All this took place during our formative years, our late twenties and early thirties, when normal people cement relationships, settle down in one location and start a family. Trainee surgeons lived like gypsies, moving from city to city – wherever the best posts were advertised. Something about being a surgeon elevated us to a different plane. We were the fighting cocks of the doctors’ mess, the flash Harrys who constantly strove to outdo each other and ruthlessly coveted the top jobs; the guys – and at that time, as now, it was almost exclusively guys – who stayed in the hospital night after night seeking every chance to operate, or, if it was quiet, drifting across to the nurses’ quarters, where other exciting action was easy to find.
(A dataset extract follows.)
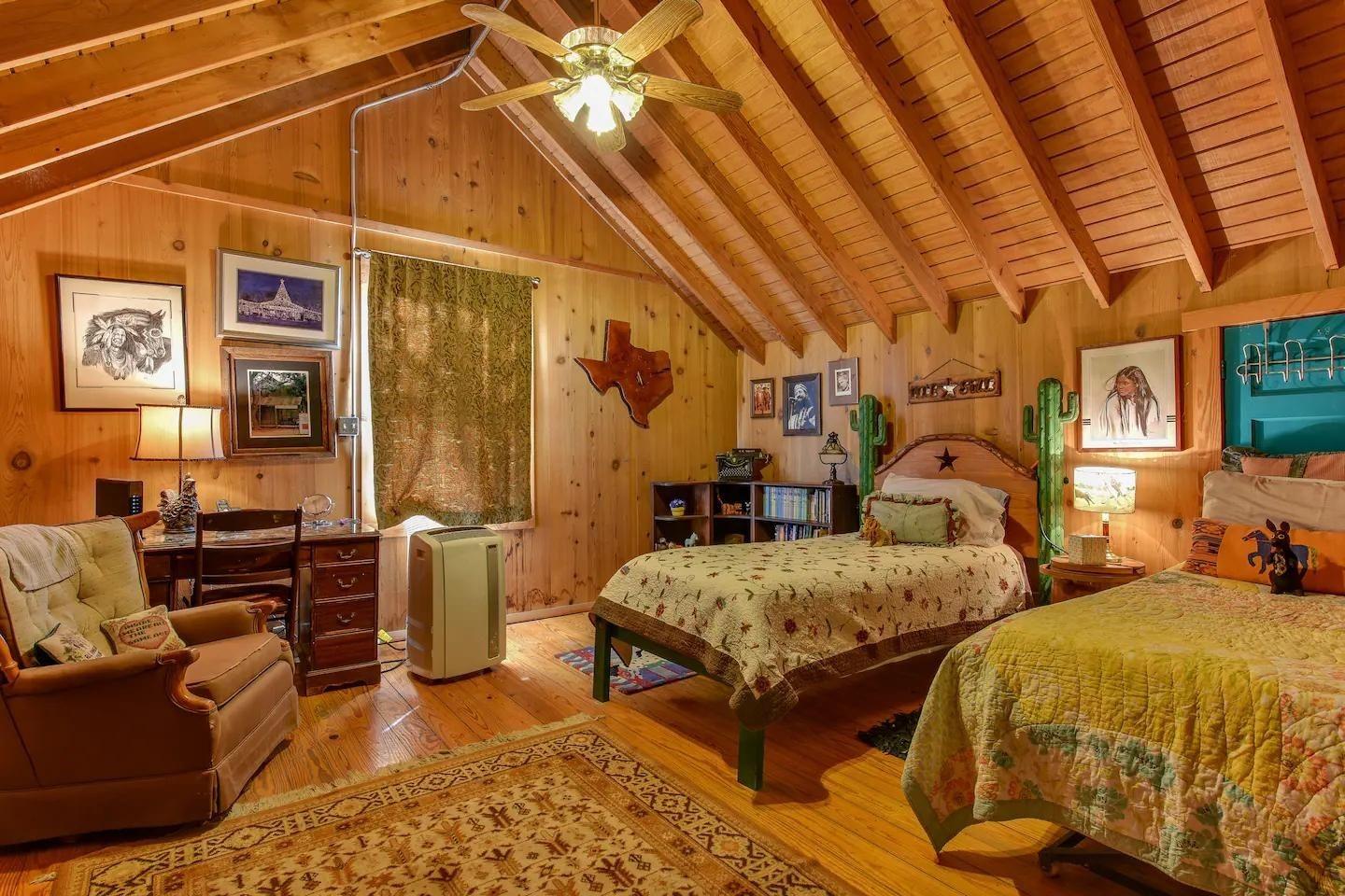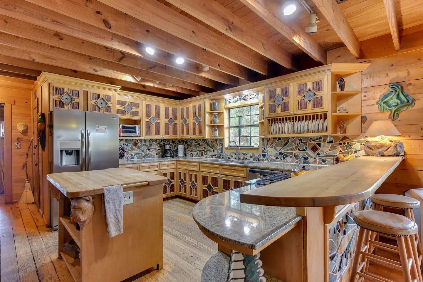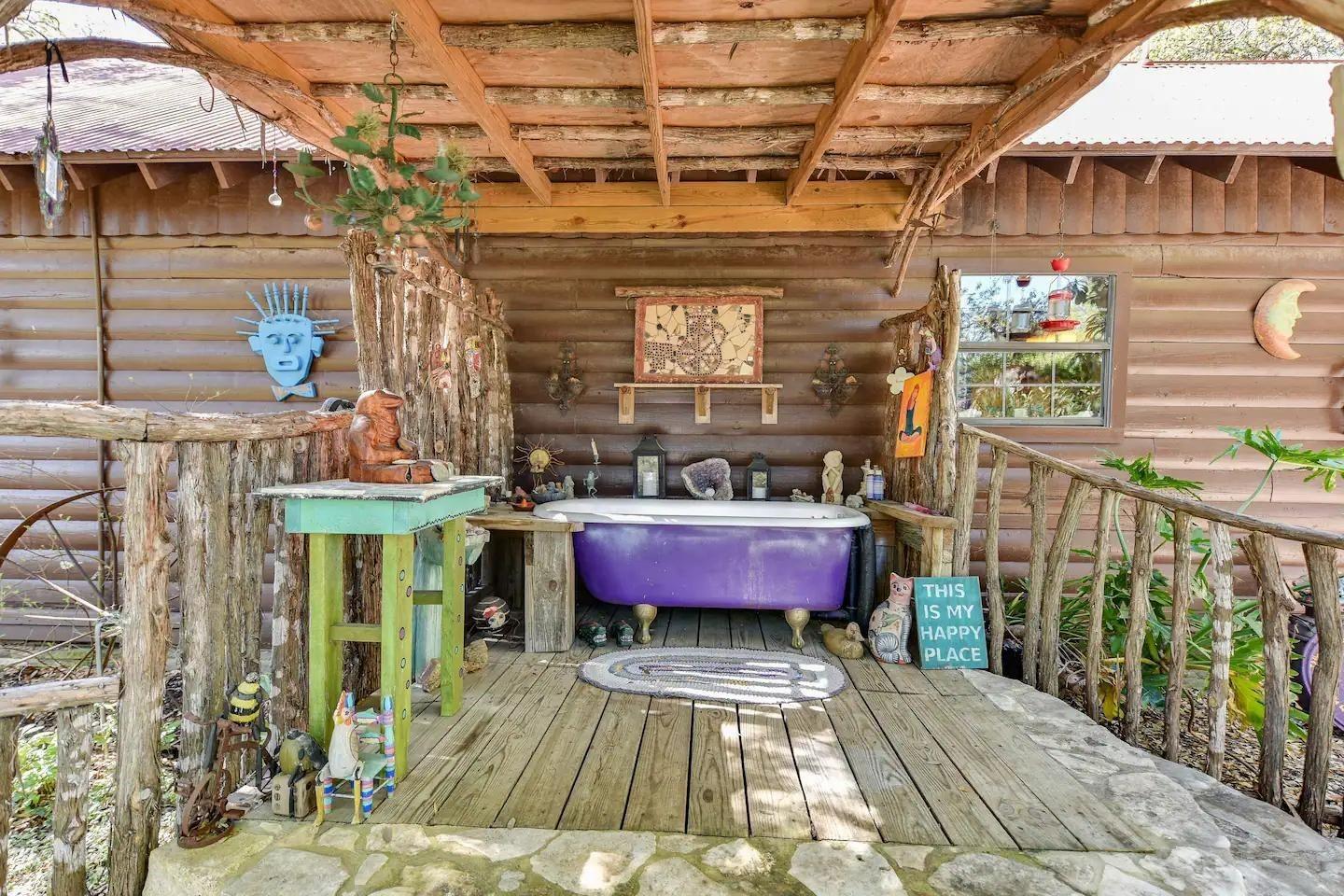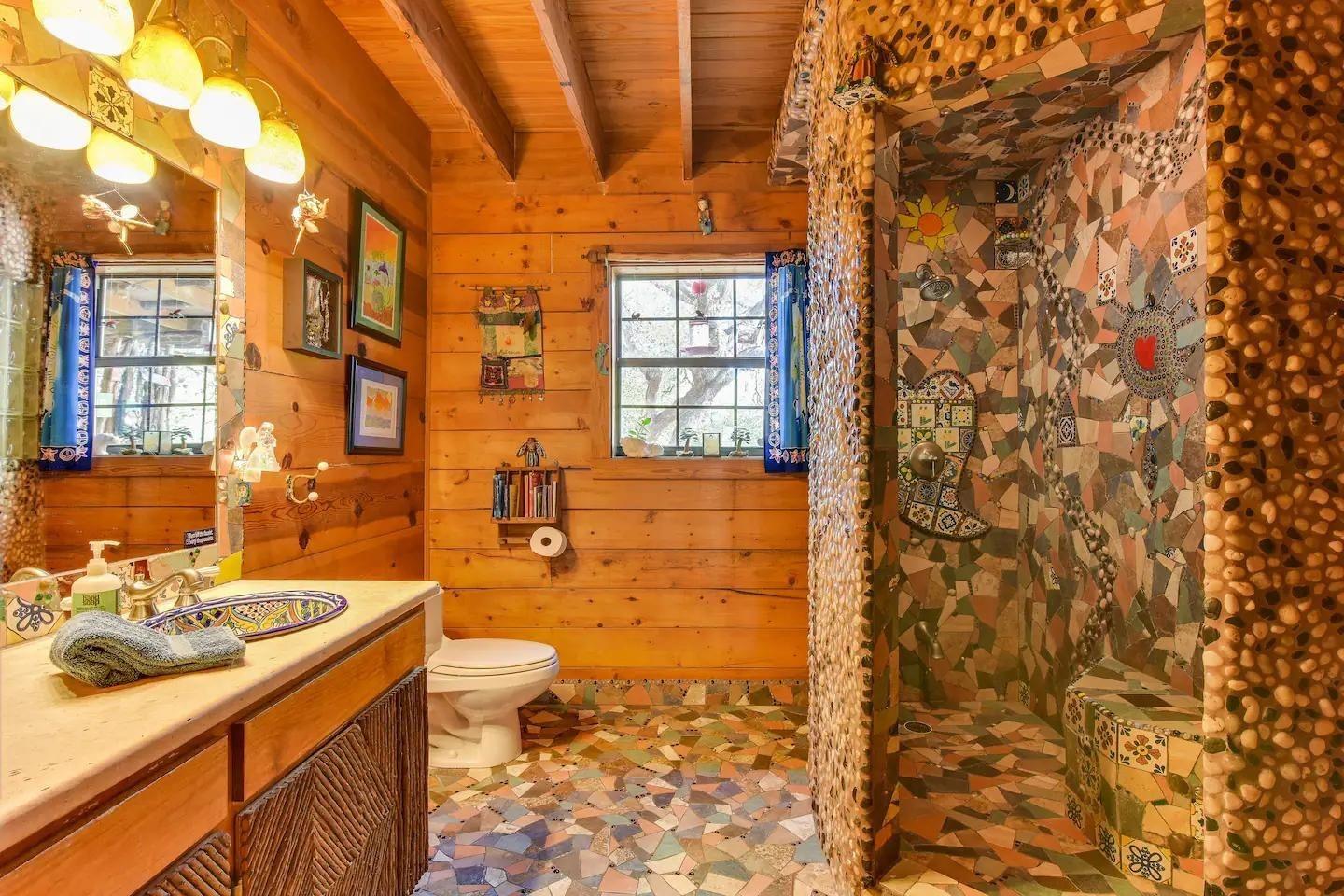 Introducing the spiritual Hill Country hideaway, "Sacred Passages". This ~35 acre Wimberly ranch estate boasts a magnificent log cabin, enchanting hand built stone chapel, tranquil lagoon style pool, & so much more. Inside the dwelling, discover vaulted ceilings with an interior embellished in a blend of rustic cowboy & Native American-inspired decor. The kitchen showcases unique mosaic tile backsplash, stunning light granite countertops, custom detailed cabinets, gas range & gourmet stainless steel sink. Two stone fireplaces are available in the dining room & living room. The primary bathroom highlights a sculptural walk-in shower, inducing abstract art. In the other bathroom is a soaking tub adorned in mesmerizing mosaic tiles. The front of the lodge features an expansive front veranda, leading to a stone path guiding to the flourishing koi pond, stone patio, & elysian cabana. A clear blue pool w/ built-in fountain, lovely outdoor kitchen w/ stone grill, massive stone fire pit, & raised outdoor stage formulate the perfect space for both entertainment & relaxation. The stone chapel stands as the most breathtaking feature, seating up ~100 guests in a surreal open-air sanctuary, ideal for weddings, concerts, & other events. Other structures on the property: detached garage, horse amenities such as a barn w/ stables, a corral, & a grandiose stone rabbit house. This property has been a labor of love w/ several art installations, often featuring precious honey calcite crystals that are found in abundance on the land. This property has served as both an income-producing short term rental & a homestead for the owner, who has cultivated a meticulous reputation. With easy access to RR12, close proximity to Downtown Wimberley, upcoming Hill Country Studios, Jacobs Well & several other tourist destinations, this location is prime yet still maintains privacy. Don’t miss your opportunity to own this magnificent Hill Country gem!

I was a backstreet kid from Scunthorpe who had married his childhood sweetheart from the local grammar school. Caught up in this whirlwind of ruthless ambition, things changed and marriage became an unintended casualty. I was ashamed of this, but I knew some surgical teams where every member, from junior houseman to consultant, was having an affair in the hospital. Grim in reality, but the stuff of television soaps that glamorise adultery. So widespread was the problem that the Johns Hopkins Hospital in Baltimore carried out a formal study of divorce as an occupational hazard in medicine. The younger their residents were when they married, the higher their divorce rate. Understandably, divorce was commonplace when the spouse did not work in the medical field. Blame it on the communication gap. They had little to talk about because doctors – and especially surgeons – are engrossed in their hospital life.
The Johns Hopkins study showed that more than half of psychiatrists and one in three surgeons divorced. Cardiac surgery had an impressive divorce rate, which I already knew from my colleagues’ experience. Reasons cited were high testosterone levels, long hours and nights in the hospital, and close working relationships with numerous attractive young women, often in stressful and emotional circumstances. Professional bonds are formed, and these evolve into romance. At one stage the Dean of Duke University Medical School saw fit to warn applicants that the institution was experiencing a greater than 100 per cent divorce rate. Why exceeding the maximum? Because students showed up already married, got divorced, then remarried and divorced a second time. They all lived a life in which work was seen to come first, with everything else a distant second.